[Task requirements]:
When you reach the line that contains "理論編講義では、村上喜郁教授" below, transcribe it and each line after it word for word to the end of the records, omitting pictures.

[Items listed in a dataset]
+--

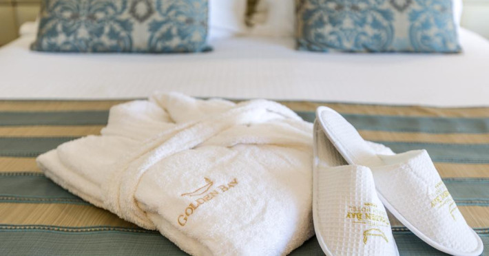 Din facilitățile oferite de proprietate nu lipsește centrul de wellnes și spa, unde oaspeții pot încerca diferite tratamente de înfrumusețare sau se pot relaxa la masaj sau la saună. Golden Bay are în dotare cadă cu hidromasaj. Pentru cei interesați proprietatea oferă manichiură & pedichiură, coafor, tratamente faciale pentru toate tipurile de ten și tratamente corporale. În cadrul proprietatății există piscină interioară pentru lunile mai reci sau pentru zile toride, precum și piscină exterioară cu tobogan cu apă, pentru cei dornici de distracție. Piscina exterioară este prevăzută cu șezlonguri confortabile, prosoape și umbrele de soare, precum și cu un bar unde oaspeții pot degusta băuturi alcoolice sau răcoritoare.
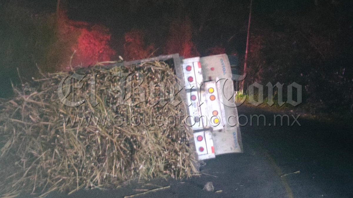 Ixtaczoquitlán.- Un camión cañero que circulaba sobre la carretera federal Ixtaczoquitlán-Fortín, volcó de forma aparatosa luego de que al conductor le venció el peso de la carga y acabó siniestrado a la altura del tramo carretero conocido como “la Curva de la Herradura”, ubicado en la localidad de Cuautlapan.
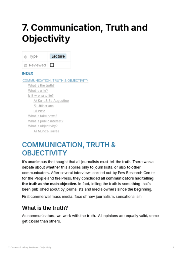 He publicado nuevos apuntes de 1º Teoría de la Comunicación y de la Información: 7. Communication Truth & Objectivity.pdf
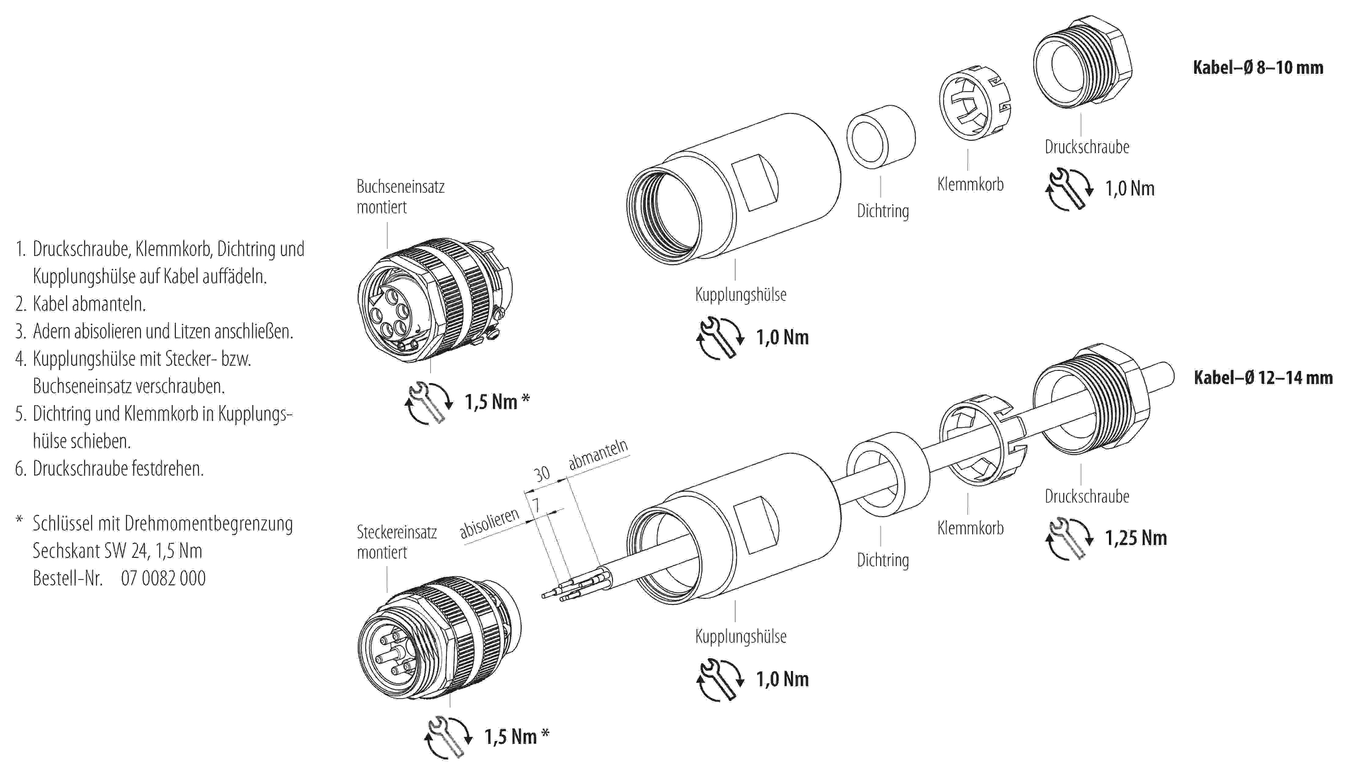 - Zum Verriegeln des Kabelsteckverbinders mit dem Gerätesteckverbinder wird empfohlen den Gewindering mit 1,5 Nm anzuziehen. Ein passender Drehmomentschlüssel ist als Zubehör erhältlich (Bestell.-Nr. 07 0082 000).
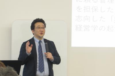 理論編講義では、村上喜郁教授(経営学部)が登壇。経営戦略と組織マネジメントの関係性を軸に、企業が持続的に価値を創出するための構造について講義が行われました。戦略の実行を支える組織設計や、人材マネジメントとの接続について整理しながら、受講者自身の企業事例に引き寄せて考える時間となりました。アンケートでは、
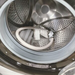 庫内ドラム部分は比較的きれいな状態で、ステンレス槽に目立つサビや汚れはありませんでした。給水ホースも付属しており、基本的な付属品は揃っています。ドア周辺の外装には使用に伴う細かな擦れが見られましたが、大きな割れやへこみはなく、動作確認でも洗い・脱水・乾燥機能ともに正常に作動しました。
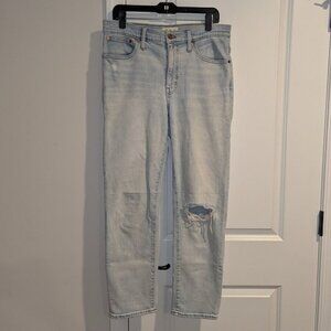 Madewell Tall Mid-Rise Classic Straight Jeans in Wellingford Wash: Knee-Rip Edition in size 30T
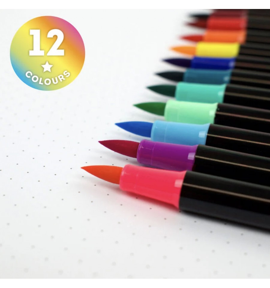 Ultra-pratique, cette boite plate vous permet d'emporter facilement 12 feutres pinceaux aux couleurs vibrantes (Bright Colours).
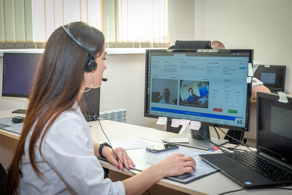 Далее на мониторе проводится опрос о самочувствии обследуемого в текущий момент. Информация отправляется уполномоченному медработнику, который ее анализирует и выносит решение о допуске водителя на маршрут или запрете выезда. Удостоверяется решение медика его специализированной электронной подписью.
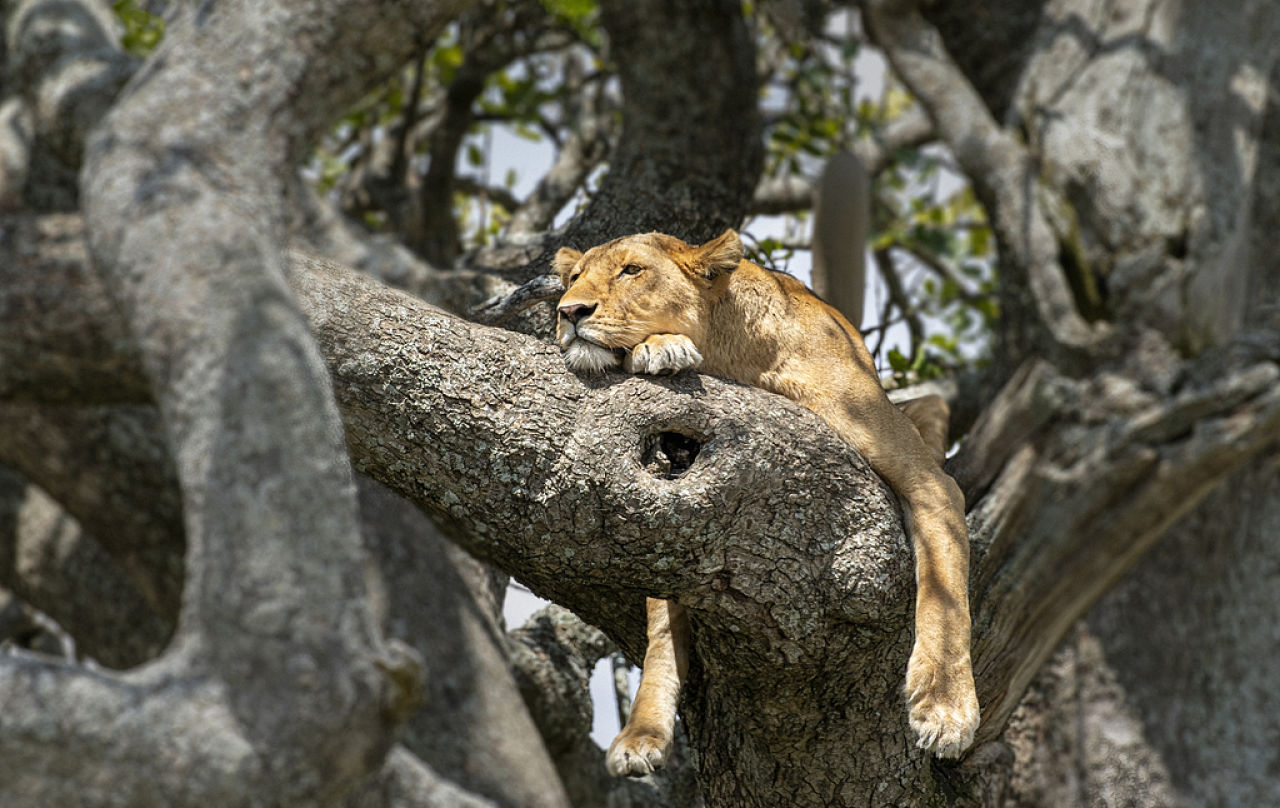 坦桑尼亚塞伦盖蒂国家公园,在树上打盹的非洲狮。视觉中国丨图
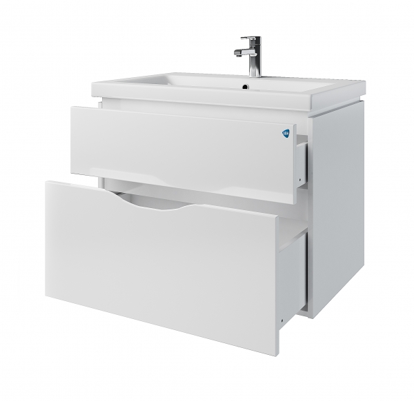 Подвесная тумба с двумя ящиками на шариковых направляющих частичного выдвижения. Цвет: белый. Корпус - ЛДСП с нанесением глянцевой эмали/фасад МДФ с нанесением глянцевой эмали

+--

[Result of the task]:
 理論編講義では、村上喜郁教授(経営学部)が登壇。経営戦略と組織マネジメントの関係性を軸に、企業が持続的に価値を創出するための構造について講義が行われました。戦略の実行を支える組織設計や、人材マネジメントとの接続について整理しながら、受講者自身の企業事例に引き寄せて考える時間となりました。アンケートでは、
 庫内ドラム部分は比較的きれいな状態で、ステンレス槽に目立つサビや汚れはありませんでした。給水ホースも付属しており、基本的な付属品は揃っています。ドア周辺の外装には使用に伴う細かな擦れが見られましたが、大きな割れやへこみはなく、動作確認でも洗い・脱水・乾燥機能ともに正常に作動しました。
 Madewell Tall Mid-Rise Classic Straight Jeans in Wellingford Wash: Knee-Rip Edition in size 30T
 Ultra-pratique, cette boite plate vous permet d'emporter facilement 12 feutres pinceaux aux couleurs vibrantes (Bright Colours).
 Далее на мониторе проводится опрос о самочувствии обследуемого в текущий момент. Информация отправляется уполномоченному медработнику, который ее анализирует и выносит решение о допуске водителя на маршрут или запрете выезда. Удостоверяется решение медика его специализированной электронной подписью.
 坦桑尼亚塞伦盖蒂国家公园,在树上打盹的非洲狮。视觉中国丨图
 Подвесная тумба с двумя ящиками на шариковых направляющих частичного выдвижения. Цвет: белый. Корпус - ЛДСП с нанесением глянцевой эмали/фасад МДФ с нанесением глянцевой эмали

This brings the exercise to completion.